• What you will do
Repetition must be exact and must stop with the line bearing "v.l.: Hans-Dieter Gräler". It begins at the first line of the records and includes no pictures.

━━━ Data excerpts ━━━

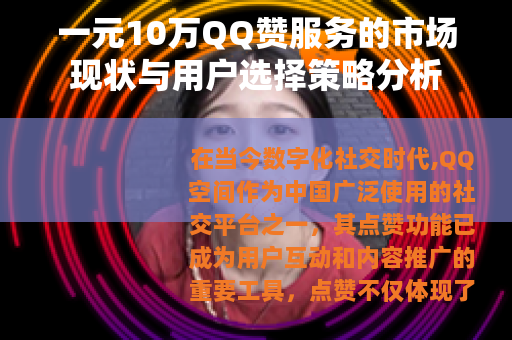 在当今数字化社交时代,QQ空间作为中国广泛使用的社交平台之一,其点赞功能已成为用户互动和内容推广的重要工具,点赞不仅体现了对内容的认可,还能增强内容的可见性和影响力,随着社交媒体竞争的加剧,一种称为“一元10万QQ赞”的服务逐渐进入公众视野,以极低的价格提供大量点赞,吸引了众多用户的关注,本文将对这一现象进行综合评述,从服务模式、市场驱动因素、技术实现、用户体验及行业效应等方面展开分析,为用户提供参考信息。
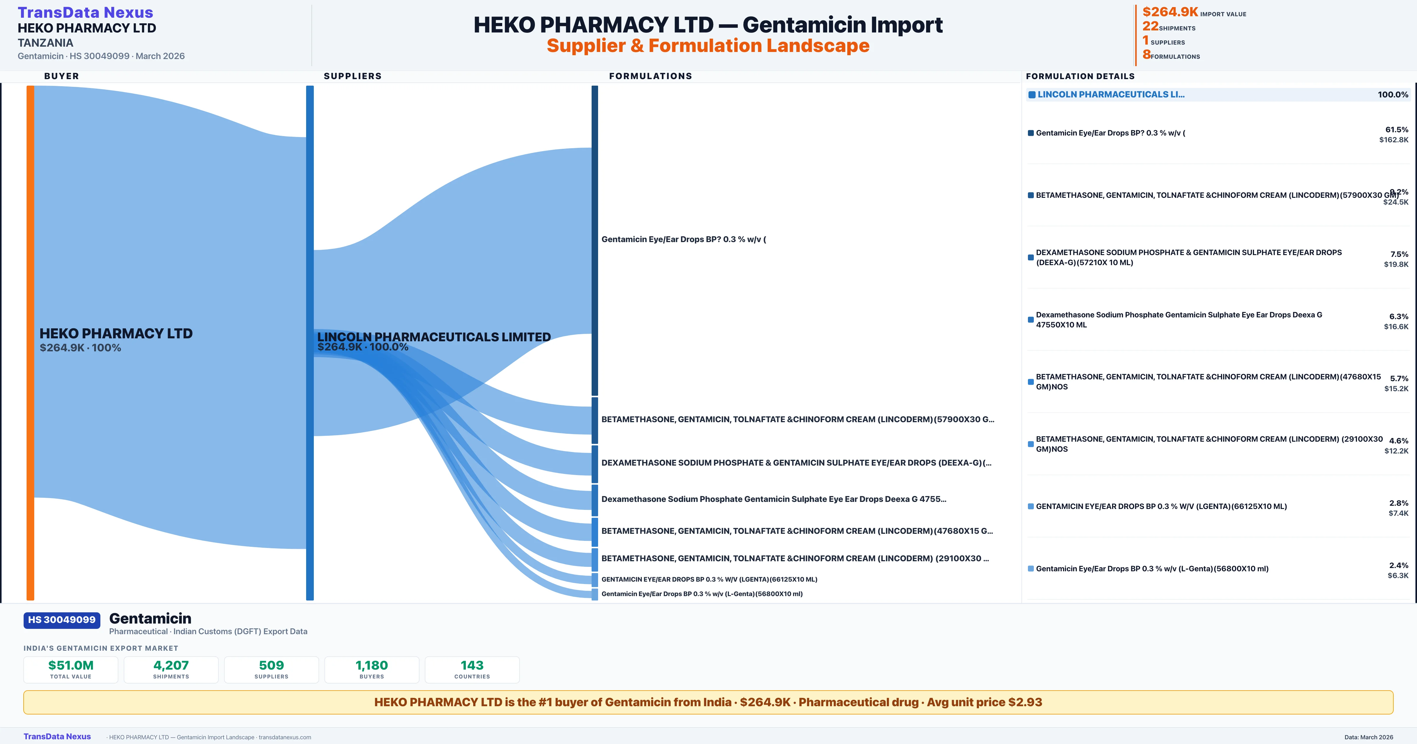 HEKO PHARMACY LTD sources Gentamicin from 1 verified Indian supplier: LINCOLN PHARMACEUTICALS LIMITED ($264.9K, 100.0%). This is based on 22 customs records.
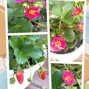 ガーデン・ストロベリー🍓 今日のお花🍓 赤いお花に赤い実🍓 鑑賞用ですが、🍓は食べられます🍓 過去pic
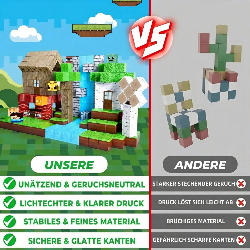 Alle MagnaBlocks werden aus ungiftigen, kindersicheren Materialien hergestellt. Die robusten Bausteine ​​halten auch wildem Spielen und häufigem Gebrauch stand. Abgerundete Kanten sorgen für Sicherheit für alle Altersgruppen.
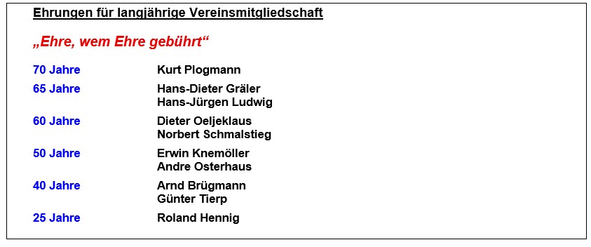 v.l.: Hans-Dieter Gräler (65 Jahre), Andre Osterhaus (50 Jahre), Erwin Knemöller (50 Jahre), Norbert Schmalstieg (60 Jahre), Günter Tierp (40 Jahre), Dieter Oeljeklaus (60 Jahre), Roland Hennig (25 Jahre
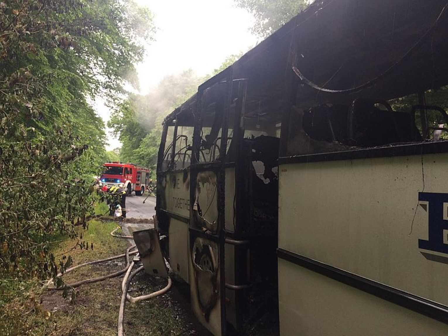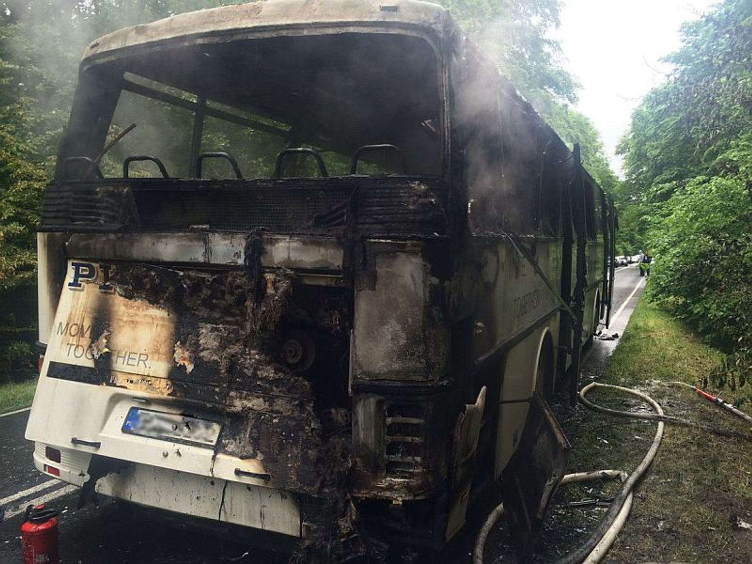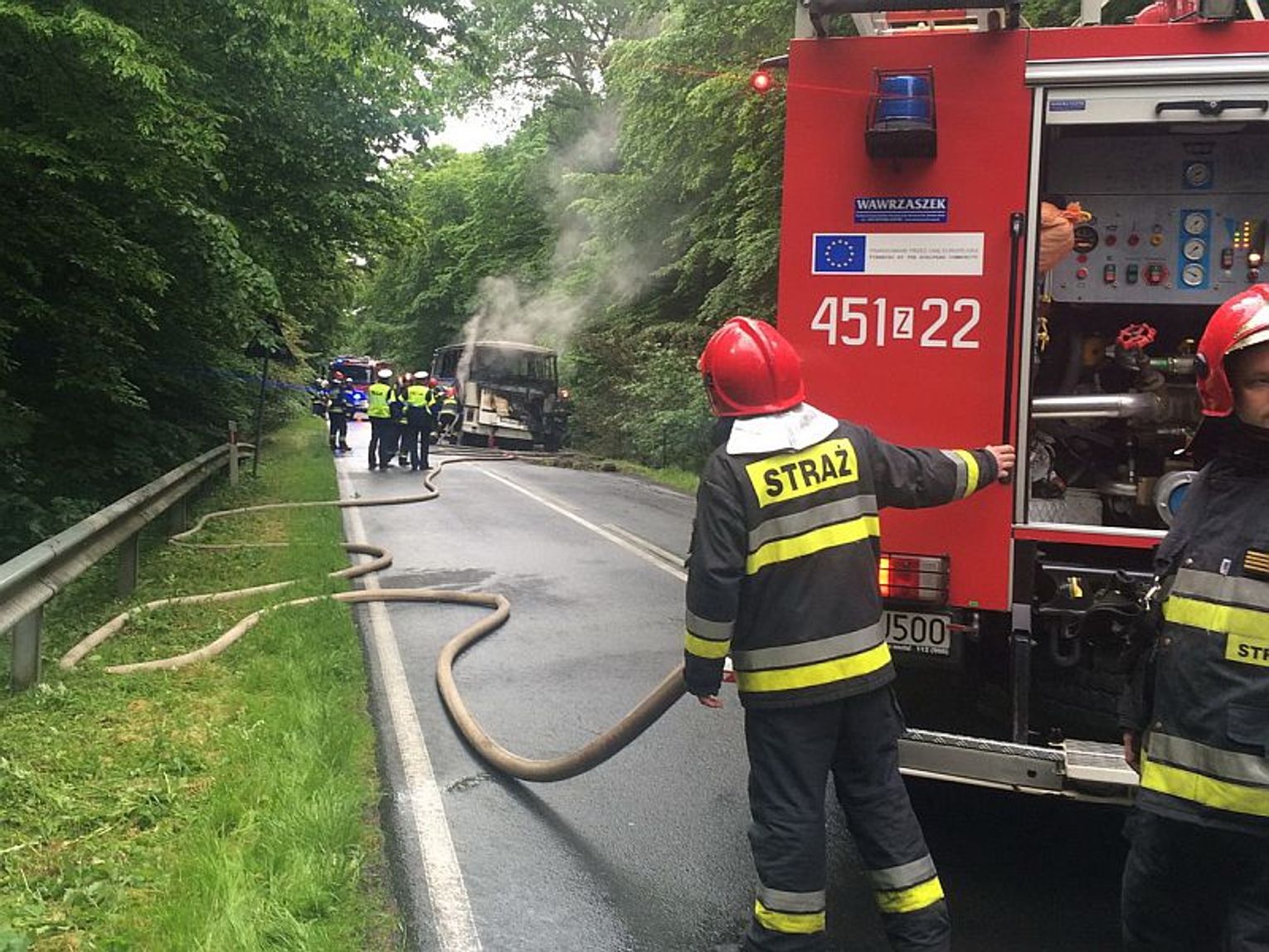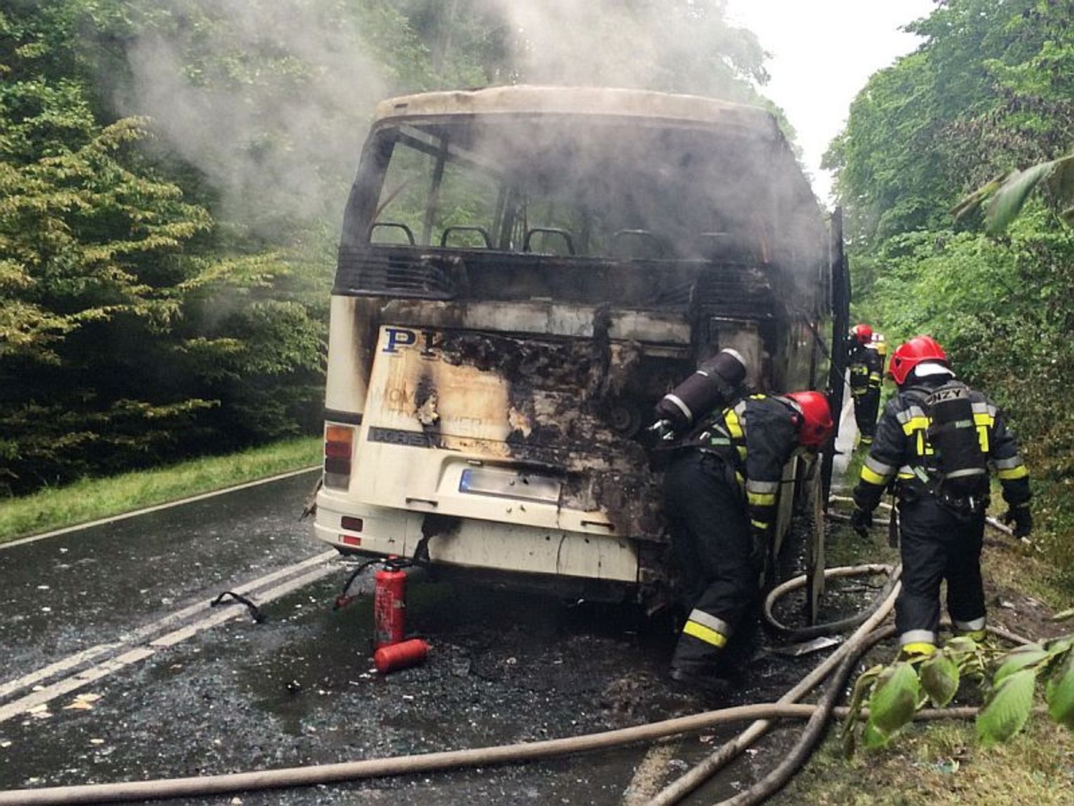 - Działania strażaków polegały na zabezpieczeniu miejsca zdarzenia, podaniu dwóch prądów wody w natarciu na palącą się komorę silnika i przedział pasażerski. Odłączono klemy akumulatora. Działania prowadzono w aparatach OUO. Kierowca autobusu został zabrany do szpitala przez ZPRM. Na czas prowadzenia działań droga została zamknięta dla ruchu przez policję. Z drogi usunięto rozlane płyny eksploatacyjne przy użyciu neutralizatora oraz podręcznego sprzętu burzącego – relacjonuje strażak z Komendy Powiatowej Państwowej straży Pożarnej w Gryfinie.
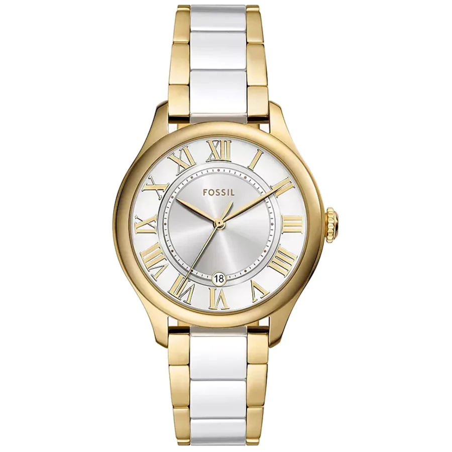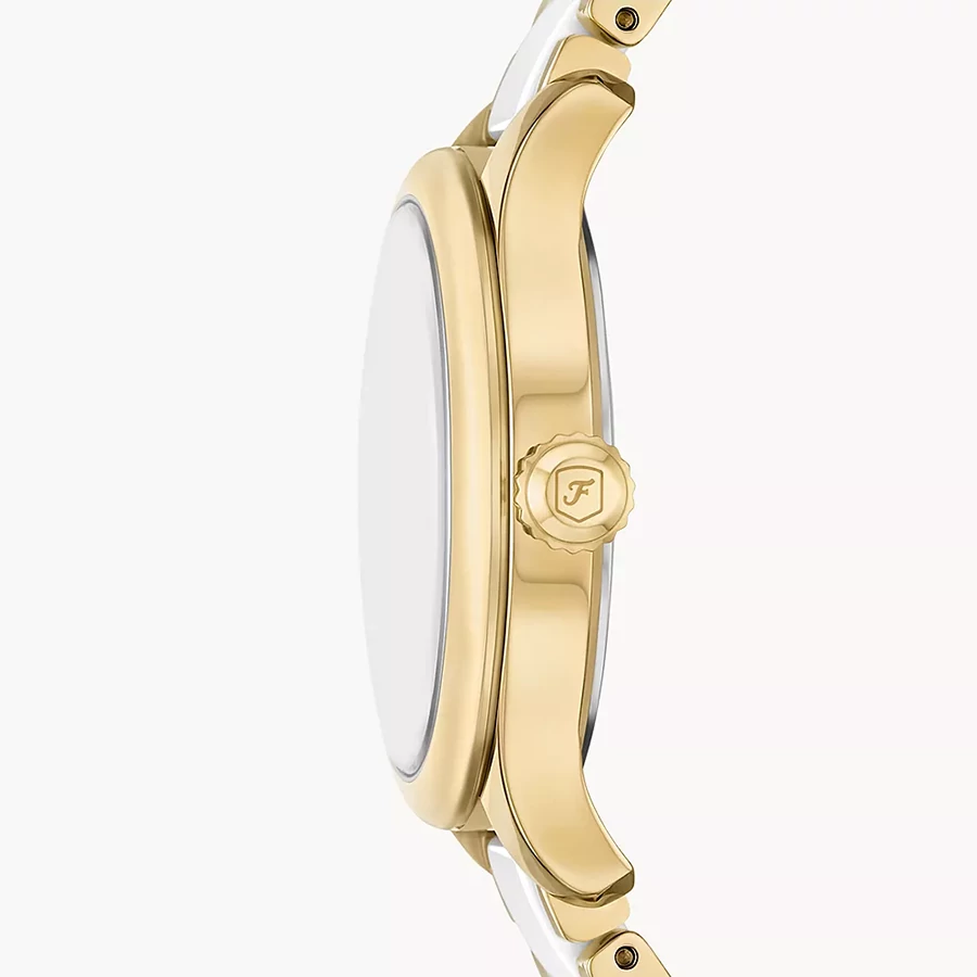 A FOSSIL GILMORE CE1131 karóra 5 BAR nyomásig alapszinten vízálló, aranyszínű nemesacél tokkal, edzett kristályüveggel, fehér színű kerámia csattal, nyitáskönnyített csatközéppel készül. Az órát pontos quartz óraszerkezet működteti, mely elemmel működik. Az óráról a pontos idő mellett leolvasható a nap is.

━━━

• Result of the task
 在当今数字化社交时代,QQ空间作为中国广泛使用的社交平台之一,其点赞功能已成为用户互动和内容推广的重要工具,点赞不仅体现了对内容的认可,还能增强内容的可见性和影响力,随着社交媒体竞争的加剧,一种称为“一元10万QQ赞”的服务逐渐进入公众视野,以极低的价格提供大量点赞,吸引了众多用户的关注,本文将对这一现象进行综合评述,从服务模式、市场驱动因素、技术实现、用户体验及行业效应等方面展开分析,为用户提供参考信息。
 HEKO PHARMACY LTD sources Gentamicin from 1 verified Indian supplier: LINCOLN PHARMACEUTICALS LIMITED ($264.9K, 100.0%). This is based on 22 customs records.
 ガーデン・ストロベリー🍓 今日のお花🍓 赤いお花に赤い実🍓 鑑賞用ですが、🍓は食べられます🍓 過去pic
 Alle MagnaBlocks werden aus ungiftigen, kindersicheren Materialien hergestellt. Die robusten Bausteine ​​halten auch wildem Spielen und häufigem Gebrauch stand. Abgerundete Kanten sorgen für Sicherheit für alle Altersgruppen.
 v.l.: Hans-Dieter Gräler (65 Jahre), Andre Osterhaus (50 Jahre), Erwin Knemöller (50 Jahre), Norbert Schmalstieg (60 Jahre), Günter Tierp (40 Jahre), Dieter Oeljeklaus (60 Jahre), Roland Hennig (25 Jahre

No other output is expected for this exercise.